Personal information
- Nickname: Dino
- Nationality: American
- Born: August 12, 1985 (age 40) Farmingdale, New York
- Height: 6 ft 1 in (185 cm)
- Weight: 195 lb (88 kg; 13 st 13 lb)

Sport
- Position: Attack
- NLL draft: 7th overall, 2008 Colorado Mammoth
- NLL teams: Colorado Mammoth Rochester Knighthawks Philadelphia Wings
- MLL teams: New Jersey Pride Long Island Lizards Charlotte Hounds Chesapeake Bayhawks
- PLL team: Chrome LC
- NCAA team: Duke University
- Pro career: 2008–2020

= Matt Danowski =

American lacrosse player

Matt Danowski (born August 12, 1985) is a former professional lacrosse Attackman who played in Major League Lacrosse (MLL) and the Premier Lacrosse League (PLL) for 12 seasons. He finished his career with the Chrome Lacrosse Club, announcing his retirement on February 22, 2021. He previously played for the Chesapeake Bayhawks, Charlotte Hounds, New York Lizards, and the New Jersey Pride. Danowski also spent four seasons playing professional indoor lacrosse in the National Lacrosse League for the Colorado Mammoth, Rochester Knighthawks and Philadelphia Wings. He was a four-time college All-American at Duke University, won the Tewaaraton Trophy in 2007, and was the NCAA Division I all-time leading scorer at the time of his graduation with 353 points.

==Collegiate career==
Danowski was a starter at Duke throughout his entire college career. As a sophomore in 2005, he won the Jack Turnbull Award, given to the nation's top collegiate attackman.

Danowski was a member of Duke squad during the 2006 Duke University lacrosse team scandal, cutting short his junior campaign to eight games after the University prematurely ended the season. Following the forced resignation of long-time Duke lacrosse coach Mike Pressler, Danowski's father, John Danowski, became the head coach of the team. Due to the shortened season, resulting from "unusual circumstance," the NCAA granted 33 Duke lacrosse players, including Danowski, a rare fifth year of eligibility.

Danowski, and teammate Zack Greer, led the Blue Devils high-powered attack to the 2007 NCAA Final Four. Duke faced Johns Hopkins University in the final, but lost despite mounting a strong comeback at the end of the game, This match-up was a repeat of the 2005 NCAA Division I Men's Lacrosse Championship game.

In 2007, Danowski won the Tewaaraton Trophy, awarded to the nation's most outstanding collegiate lacrosse player. That year, he also won the USILA's Lt. Raymond Enners Award as the national player of the year, and his second Jack Turnbull Award as attackman of the year.

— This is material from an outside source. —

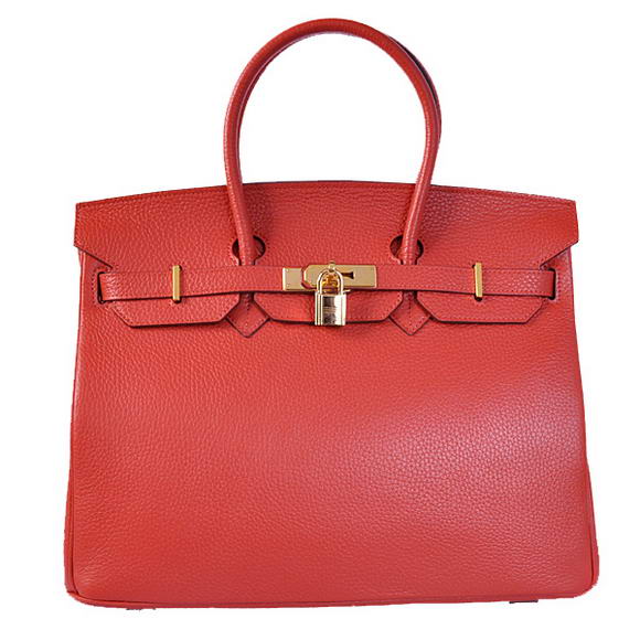 - Hermes Birkin 35CM Togo Leather Handbag 6089 Red Golden

In the first round of the 2008 NCAA Division I Men's Lacrosse Championship, in a victory over Loyola, Danowski broke the career points record, eclipsing Joe Vasta's mark. However, in the 2008 NCAA semifinals, Duke was again defeated by Johns Hopkins, ending Danowski's collegiate career without winning an NCAA championship. In 2008, he was again awarded the Lt. Raymond Enners Award as national player of the year.

==Professional career==
Only a few days after Danowski was awarded the 2008 Enners award as the USILA player of the year, he was drafted second overall by the New Jersey Pride in the 2008 Major League Lacrosse Collegiate Draft.

Danowski earned Rookie of the Week honors in Week 5 of the 2008 MLL season. He has scored 19 goals in 12 games with 3 two-point goals and 14 assists giving him a total of 36 points.

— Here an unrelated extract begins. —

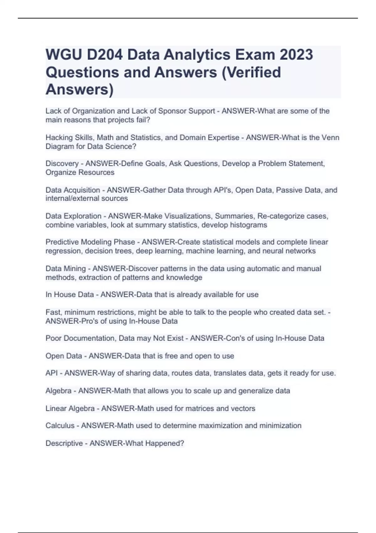 WGU D204 Data Analytics Exam 2023 Questions and Answers (Verified Answers)WGU D204 Data Analytics Exam 2023 Questions and Answers (Verified Answers)WGU D204 Data Analytics Exam 2023 Questions and Answers (Verified Answers) Lack of Organization and Lack of Sponsor Support - ANSWER-What are some of the main reasons that projects fail? Hacking Skills, Math and Statistics, and Domain Expertise - ANSWER-What is the Venn Diagram for Data Science? Discovery - ANSWER-Define Goals, Ask Questions, Develop a Problem Statement, Organize Resources Data Acquisition - ANSWER-Gather Data through API's, Open Data, Passive Data, and internal/external sources Data Exploration - ANSWER-Make Visualizations, Summaries, Re-categorize cases, combine variables, look at summary statistics, develop histograms Predictive Modeling Phase - ANSWER-Create statistical models and complete linear regression, decision trees, deep learning, machine learning, and neural networks Data Mining - ANSWER-Discover patterns in the data using automatic and manual methods, extraction of patterns and knowledge In House Data - ANSWER-Data that is already available for use Fast, minimum restrictions, might be able to talk to the people who created data set. - ANSWER-Pro's of using In-House Data Poor Documentation, Data may Not Exist - ANSWER-Con's of using In-House Data Open Data - ANSWER-Data that is free and open to use API - ANSWER-Way of sharing data, routes data, translates data, gets it ready for use. Algebra - ANSWER-Math that allows you to scale up and generalize data Linear Algebra - ANSWER-Math used for matrices and vectors Calculus - ANSWER-Math used to determine maximization and minimization Descriptive - ANSWER-What Happened?

In July 2009, Danowski was traded from the Colorado Mammoth to the New York Titans in exchange for Ryan Powell. Danowski becomes the fourth player in 2009 to play both for the Lizards of the MLL and the Titans of the NLL in the same season, joining Stephen Peyser, Matt Zash, and Keith Cromwell.

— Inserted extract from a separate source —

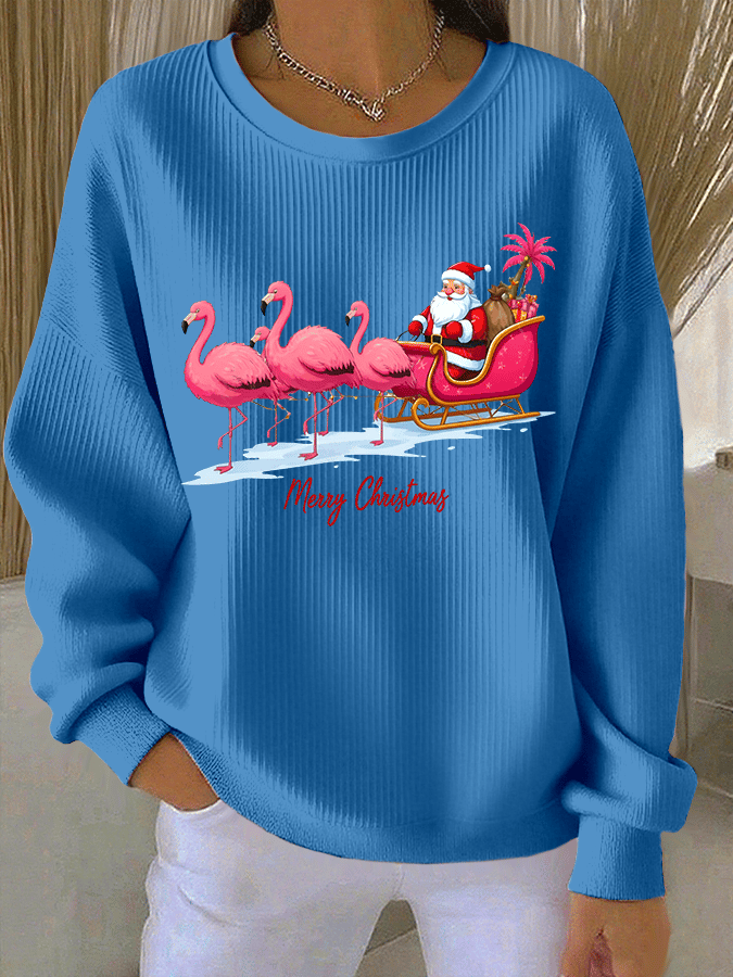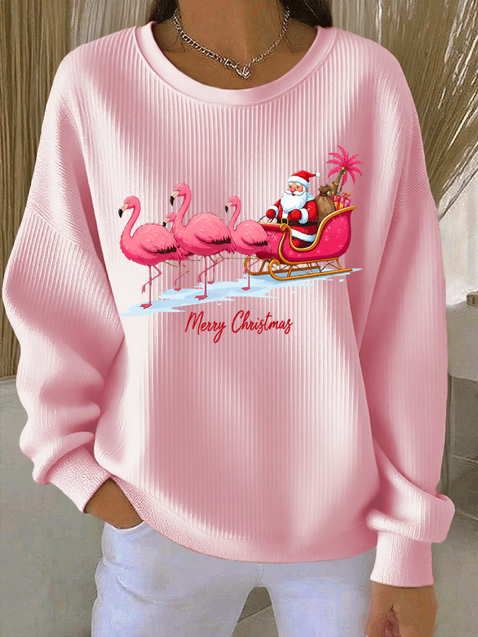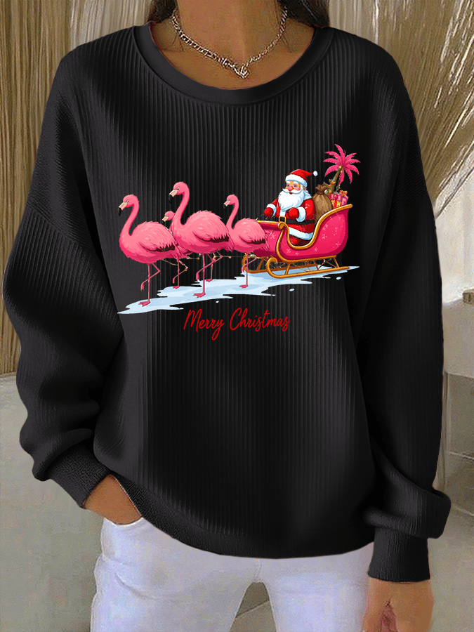 Sweat Femme Côtelé Imprimé Père Noël à Col Rond

In 2011, Danowski was traded from the Long Island Lizards to the Charlotte Hounds along with Stephen Berger and two other draft picks in exchange for the No.1 pick in the 2012 MLL Collegiate Draft Pick. The Hounds also gave up former Boston Canon MLL-All Star Max Quinzani whom Charlotte just picked up in the expansion draft.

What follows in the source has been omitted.